> **What to produce**
Below are records with pictures; copy word for word only the lines between the line with "附件:市、區兩級部門幫扶社區(村)周排名情況一覽表" and the line with "Patrová postel se", inclusive, and drop the pictures.

> **The records**
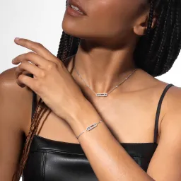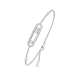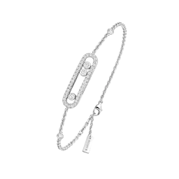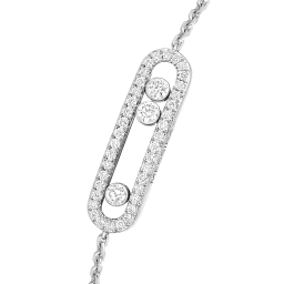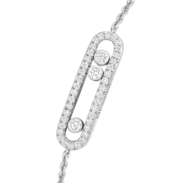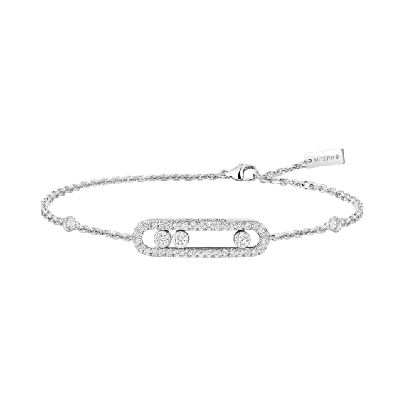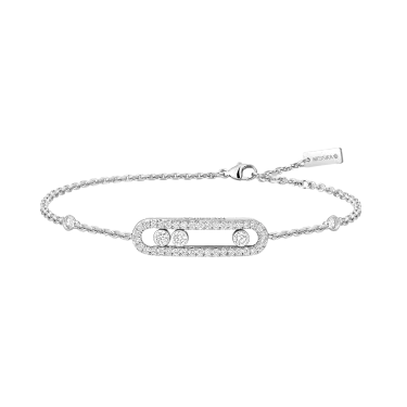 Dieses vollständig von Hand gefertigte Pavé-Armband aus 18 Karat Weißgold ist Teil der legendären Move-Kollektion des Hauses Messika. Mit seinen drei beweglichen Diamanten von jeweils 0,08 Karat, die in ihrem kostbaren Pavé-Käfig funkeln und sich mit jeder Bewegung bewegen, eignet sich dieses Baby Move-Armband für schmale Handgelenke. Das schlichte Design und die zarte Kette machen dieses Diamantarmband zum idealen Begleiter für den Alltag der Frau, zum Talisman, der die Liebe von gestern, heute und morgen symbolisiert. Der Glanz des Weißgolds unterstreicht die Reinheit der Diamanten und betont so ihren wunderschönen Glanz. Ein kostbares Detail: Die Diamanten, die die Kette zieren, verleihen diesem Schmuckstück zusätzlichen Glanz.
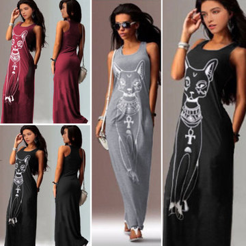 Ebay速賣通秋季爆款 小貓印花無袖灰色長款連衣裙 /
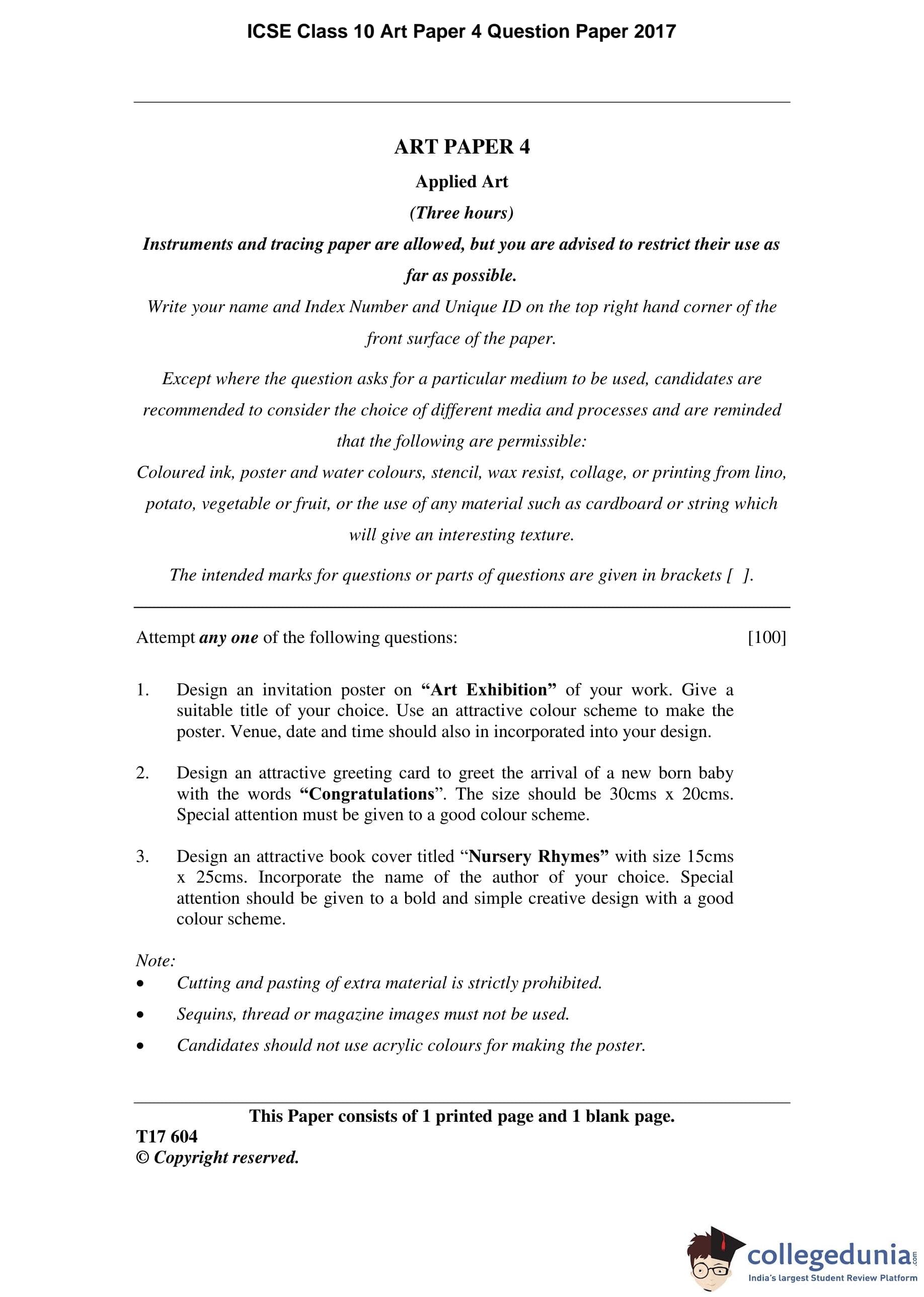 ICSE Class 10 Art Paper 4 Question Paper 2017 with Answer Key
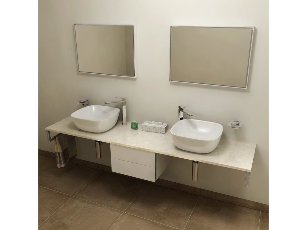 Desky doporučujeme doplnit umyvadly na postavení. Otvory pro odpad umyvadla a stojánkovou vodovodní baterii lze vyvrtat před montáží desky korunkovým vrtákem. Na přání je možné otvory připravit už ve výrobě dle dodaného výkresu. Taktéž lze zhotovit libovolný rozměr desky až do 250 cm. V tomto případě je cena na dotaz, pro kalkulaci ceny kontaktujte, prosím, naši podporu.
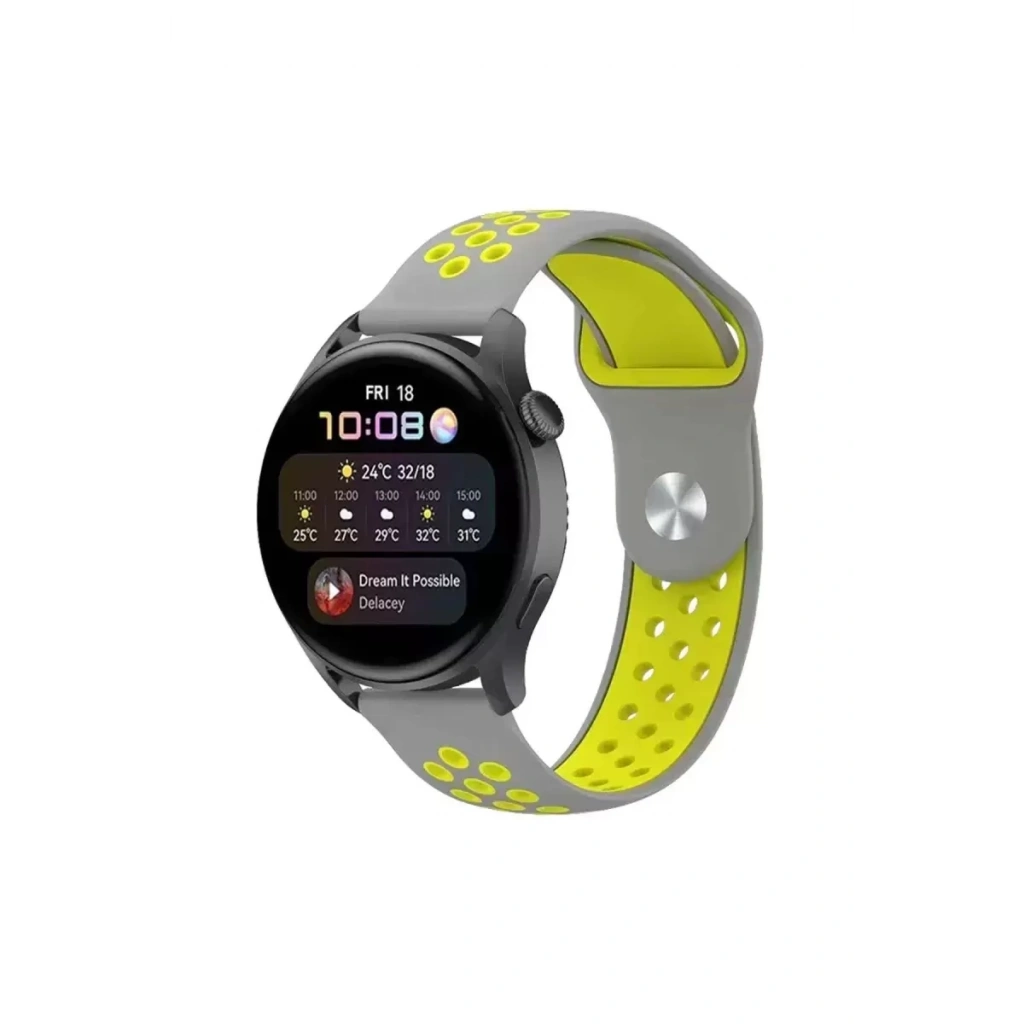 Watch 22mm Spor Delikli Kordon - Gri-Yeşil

==

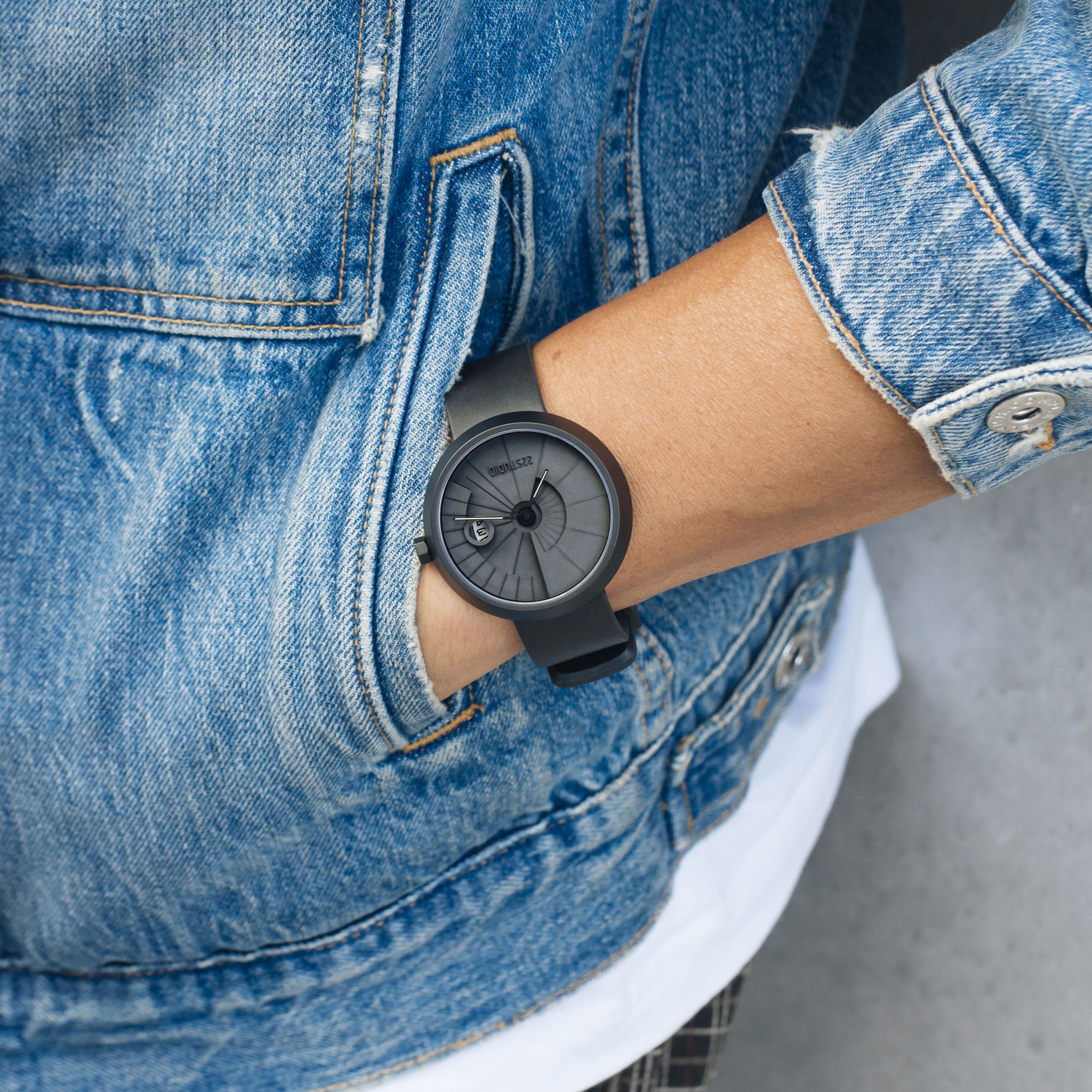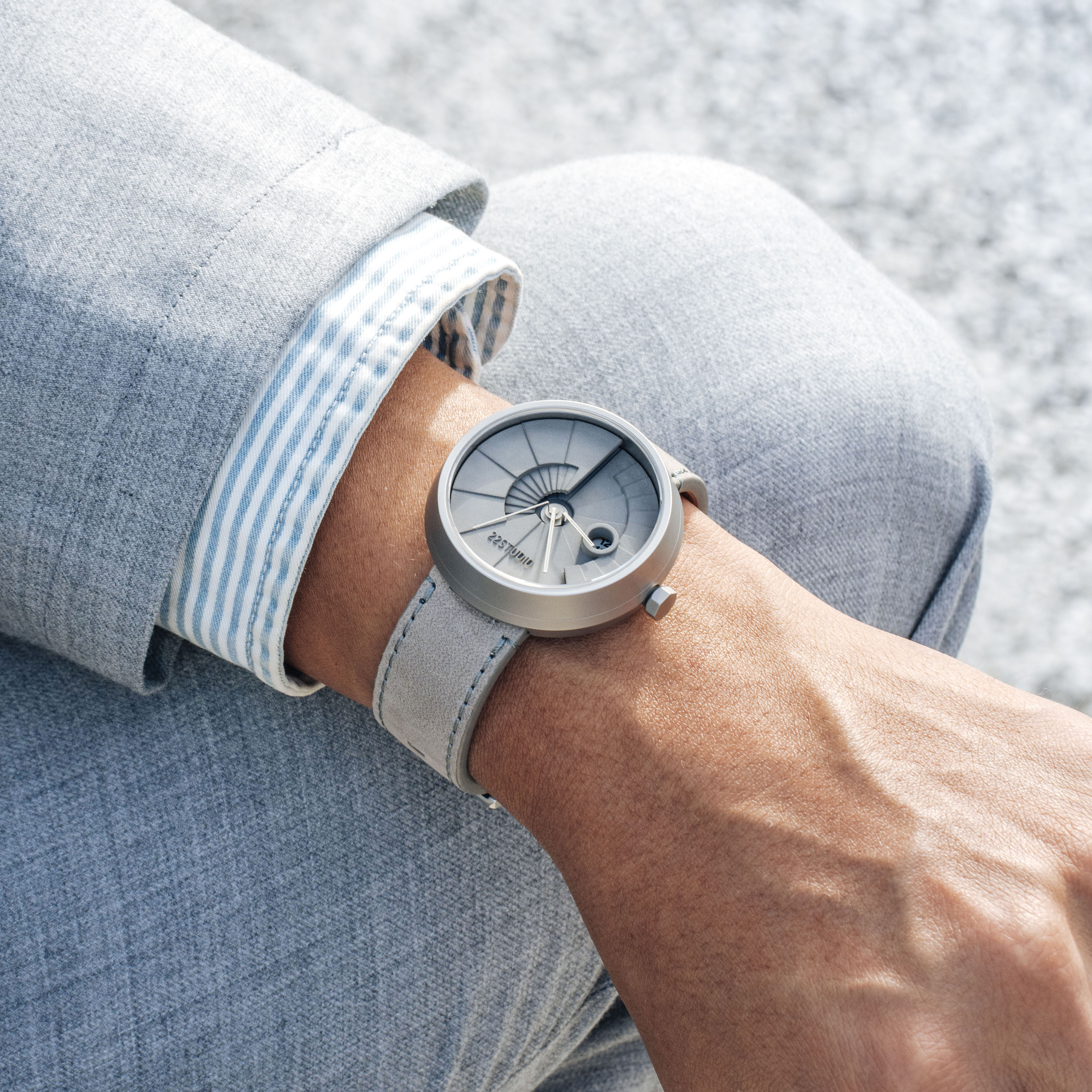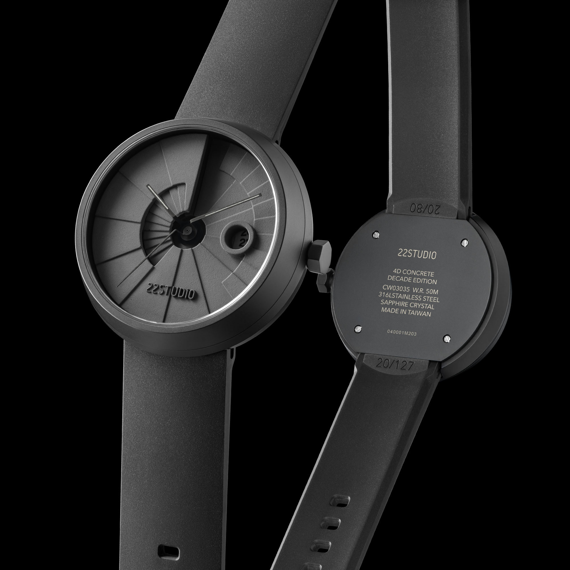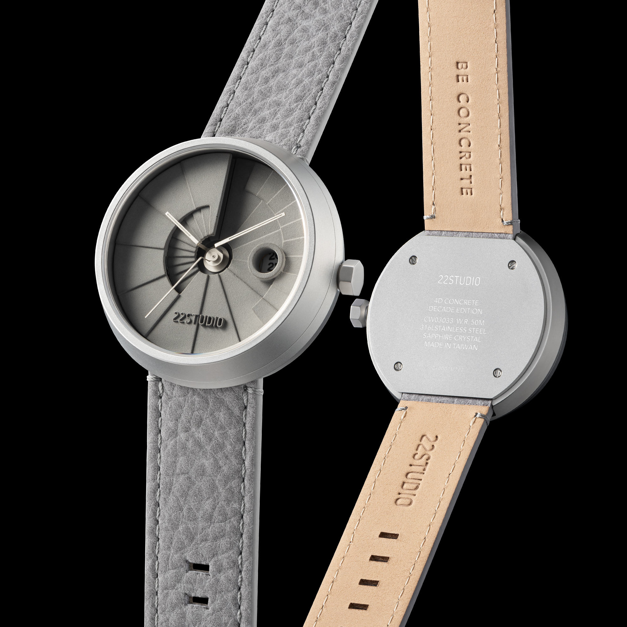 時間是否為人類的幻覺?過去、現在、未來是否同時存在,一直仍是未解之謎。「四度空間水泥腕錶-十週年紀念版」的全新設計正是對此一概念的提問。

--

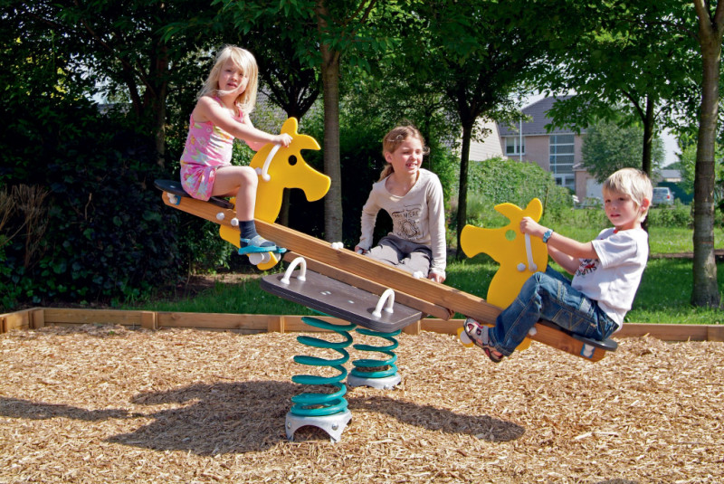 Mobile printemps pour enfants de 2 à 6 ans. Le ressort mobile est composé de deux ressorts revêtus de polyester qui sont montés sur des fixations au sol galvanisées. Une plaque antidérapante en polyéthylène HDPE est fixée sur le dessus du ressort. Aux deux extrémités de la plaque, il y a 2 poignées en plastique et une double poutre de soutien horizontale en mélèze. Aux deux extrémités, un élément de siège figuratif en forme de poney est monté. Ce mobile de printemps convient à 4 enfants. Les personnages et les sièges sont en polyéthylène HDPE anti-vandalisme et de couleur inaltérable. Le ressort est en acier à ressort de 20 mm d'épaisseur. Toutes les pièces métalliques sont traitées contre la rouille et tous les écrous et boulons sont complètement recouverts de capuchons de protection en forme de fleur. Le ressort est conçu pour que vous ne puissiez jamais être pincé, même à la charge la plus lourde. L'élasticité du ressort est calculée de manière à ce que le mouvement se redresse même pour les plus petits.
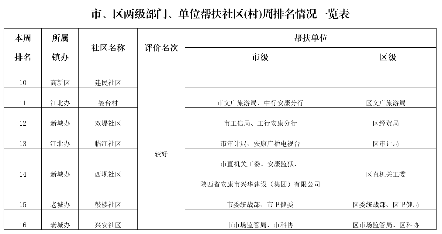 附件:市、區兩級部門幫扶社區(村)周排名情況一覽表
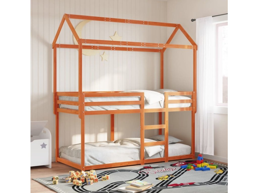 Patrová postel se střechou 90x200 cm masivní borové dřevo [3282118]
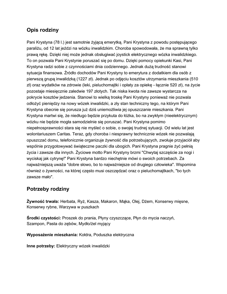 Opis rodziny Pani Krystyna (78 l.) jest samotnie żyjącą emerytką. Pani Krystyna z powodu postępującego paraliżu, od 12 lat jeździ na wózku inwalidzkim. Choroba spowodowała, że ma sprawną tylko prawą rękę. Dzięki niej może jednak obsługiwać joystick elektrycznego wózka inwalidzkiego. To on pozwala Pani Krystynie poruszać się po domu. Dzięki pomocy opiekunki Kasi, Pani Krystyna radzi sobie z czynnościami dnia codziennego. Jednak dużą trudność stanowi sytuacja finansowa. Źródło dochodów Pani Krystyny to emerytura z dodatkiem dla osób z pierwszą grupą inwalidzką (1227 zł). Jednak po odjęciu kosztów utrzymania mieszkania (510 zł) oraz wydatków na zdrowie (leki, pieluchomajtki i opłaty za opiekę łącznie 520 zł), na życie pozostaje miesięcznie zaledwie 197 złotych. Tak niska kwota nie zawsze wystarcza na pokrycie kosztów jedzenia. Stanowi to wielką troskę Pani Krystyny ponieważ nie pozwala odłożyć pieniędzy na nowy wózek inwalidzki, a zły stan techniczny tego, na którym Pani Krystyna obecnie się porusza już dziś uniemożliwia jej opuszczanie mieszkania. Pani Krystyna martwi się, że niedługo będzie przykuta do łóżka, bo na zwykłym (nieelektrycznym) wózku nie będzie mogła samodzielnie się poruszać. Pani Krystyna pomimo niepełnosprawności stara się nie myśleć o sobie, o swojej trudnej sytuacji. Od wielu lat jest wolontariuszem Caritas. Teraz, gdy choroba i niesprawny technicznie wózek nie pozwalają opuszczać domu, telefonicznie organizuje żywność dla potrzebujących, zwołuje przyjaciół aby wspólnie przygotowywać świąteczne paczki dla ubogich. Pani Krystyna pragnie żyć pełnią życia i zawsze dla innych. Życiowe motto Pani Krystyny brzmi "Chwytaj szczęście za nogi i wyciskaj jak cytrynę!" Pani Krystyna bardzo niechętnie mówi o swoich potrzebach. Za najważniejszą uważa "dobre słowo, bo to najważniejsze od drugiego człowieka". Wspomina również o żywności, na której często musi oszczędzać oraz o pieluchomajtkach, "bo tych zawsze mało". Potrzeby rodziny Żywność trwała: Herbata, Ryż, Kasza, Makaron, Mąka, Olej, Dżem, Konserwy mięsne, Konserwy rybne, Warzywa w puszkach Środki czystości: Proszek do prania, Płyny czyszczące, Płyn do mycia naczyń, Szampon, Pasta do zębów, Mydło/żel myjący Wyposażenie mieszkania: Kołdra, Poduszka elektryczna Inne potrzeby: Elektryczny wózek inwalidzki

> **Task solution**
 附件:市、區兩級部門幫扶社區(村)周排名情況一覽表
 Patrová postel se střechou 90x200 cm masivní borové dřevo [3282118]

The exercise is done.